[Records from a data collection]
* * *

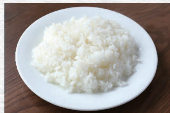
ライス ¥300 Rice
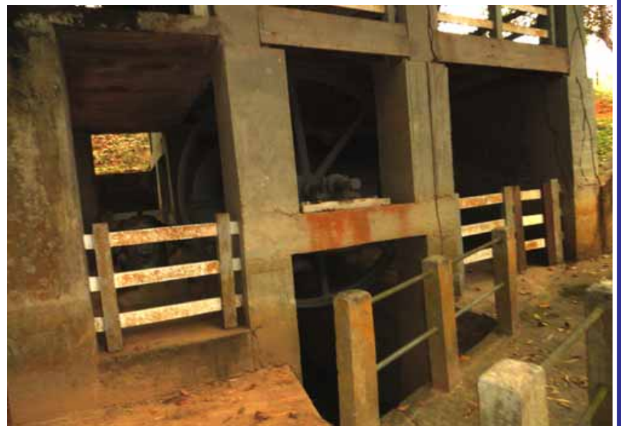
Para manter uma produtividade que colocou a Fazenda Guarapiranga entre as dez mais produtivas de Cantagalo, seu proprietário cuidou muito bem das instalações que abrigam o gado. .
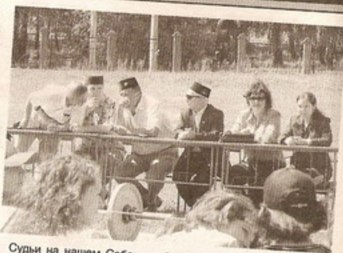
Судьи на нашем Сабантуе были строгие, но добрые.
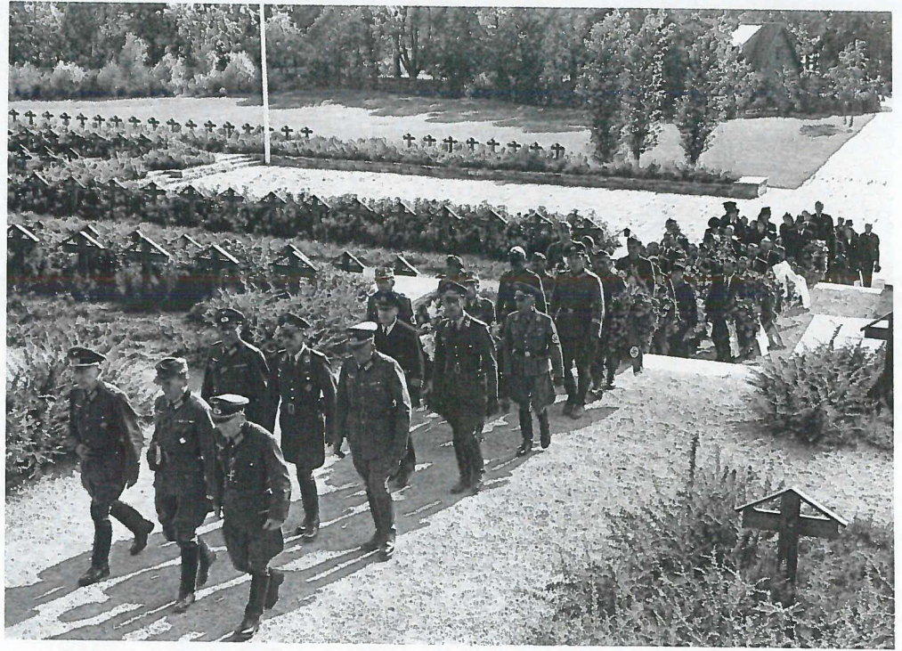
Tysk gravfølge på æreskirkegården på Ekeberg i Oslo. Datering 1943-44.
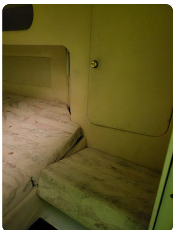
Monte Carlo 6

* * *

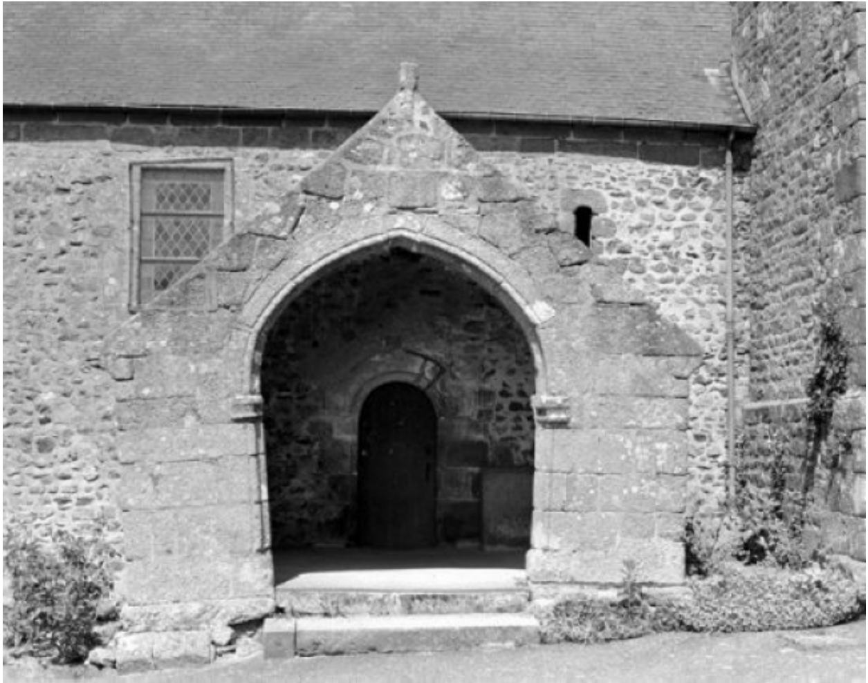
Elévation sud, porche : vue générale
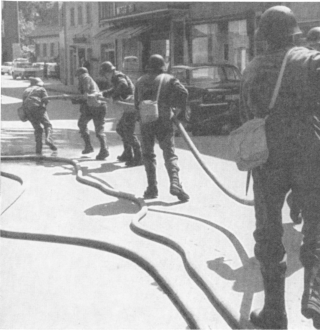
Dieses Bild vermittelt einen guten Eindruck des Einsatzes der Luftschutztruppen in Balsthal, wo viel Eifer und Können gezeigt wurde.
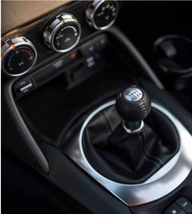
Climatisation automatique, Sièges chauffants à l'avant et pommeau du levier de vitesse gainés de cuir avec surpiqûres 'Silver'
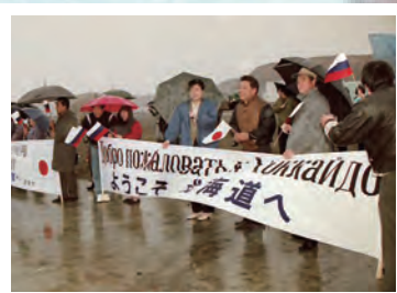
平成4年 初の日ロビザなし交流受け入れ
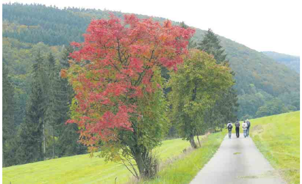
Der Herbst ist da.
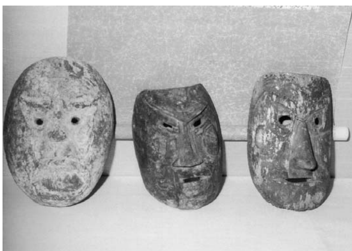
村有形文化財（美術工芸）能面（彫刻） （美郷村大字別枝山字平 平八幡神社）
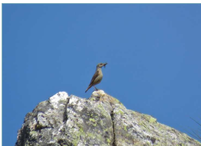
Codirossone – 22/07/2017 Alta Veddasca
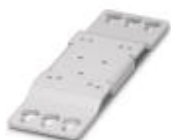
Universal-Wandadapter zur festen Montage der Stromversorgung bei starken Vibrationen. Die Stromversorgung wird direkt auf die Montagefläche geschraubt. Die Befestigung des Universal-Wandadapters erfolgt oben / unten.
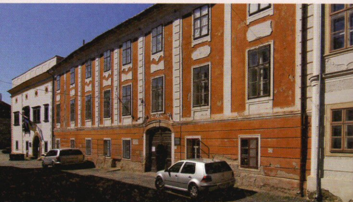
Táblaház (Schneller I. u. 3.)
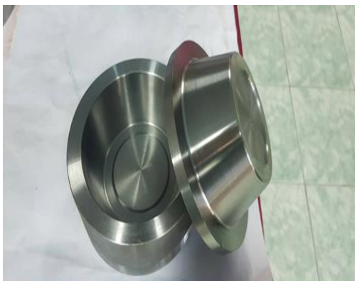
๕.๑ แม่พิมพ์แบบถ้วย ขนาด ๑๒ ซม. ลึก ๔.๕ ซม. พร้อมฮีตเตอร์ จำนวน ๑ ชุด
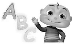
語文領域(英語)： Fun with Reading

* * *

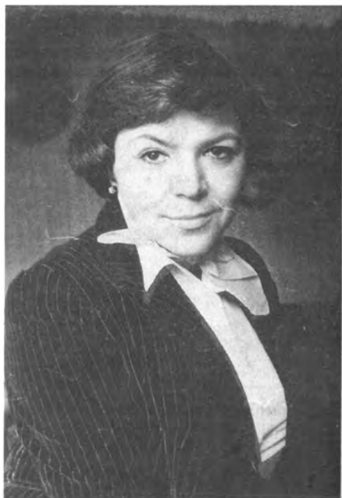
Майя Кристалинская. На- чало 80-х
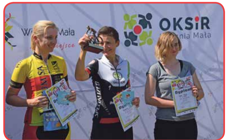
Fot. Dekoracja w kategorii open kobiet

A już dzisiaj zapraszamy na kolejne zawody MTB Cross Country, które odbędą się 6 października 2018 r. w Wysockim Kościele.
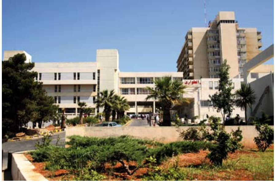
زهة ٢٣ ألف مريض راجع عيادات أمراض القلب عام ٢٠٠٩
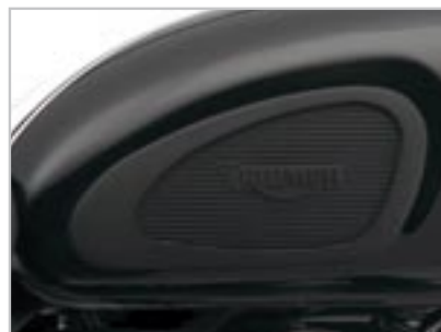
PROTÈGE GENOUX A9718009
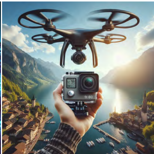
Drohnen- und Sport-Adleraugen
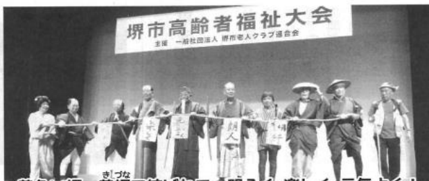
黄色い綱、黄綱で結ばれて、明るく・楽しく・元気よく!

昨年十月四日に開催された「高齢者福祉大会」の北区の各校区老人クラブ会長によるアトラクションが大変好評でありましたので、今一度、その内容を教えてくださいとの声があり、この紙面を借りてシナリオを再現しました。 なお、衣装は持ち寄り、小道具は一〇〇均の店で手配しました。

* * *

_PROBLEM REQUIREMENTS_. Among the entries above, find the line with "Codirossone – 22/07/2017 Alta Veddasca" and repeat exactly from there through the line with "語文領域(英語)： Fun with Reading", leaving out the pictures.

_RESPONSE TO THE EXERCISE_.
Codirossone – 22/07/2017 Alta Veddasca
Universal-Wandadapter zur festen Montage der Stromversorgung bei starken Vibrationen. Die Stromversorgung wird direkt auf die Montagefläche geschraubt. Die Befestigung des Universal-Wandadapters erfolgt oben / unten.
Táblaház (Schneller I. u. 3.)
๕.๑ แม่พิมพ์แบบถ้วย ขนาด ๑๒ ซม. ลึก ๔.๕ ซม. พร้อมฮีตเตอร์ จำนวน ๑ ชุด
語文領域(英語)： Fun with Reading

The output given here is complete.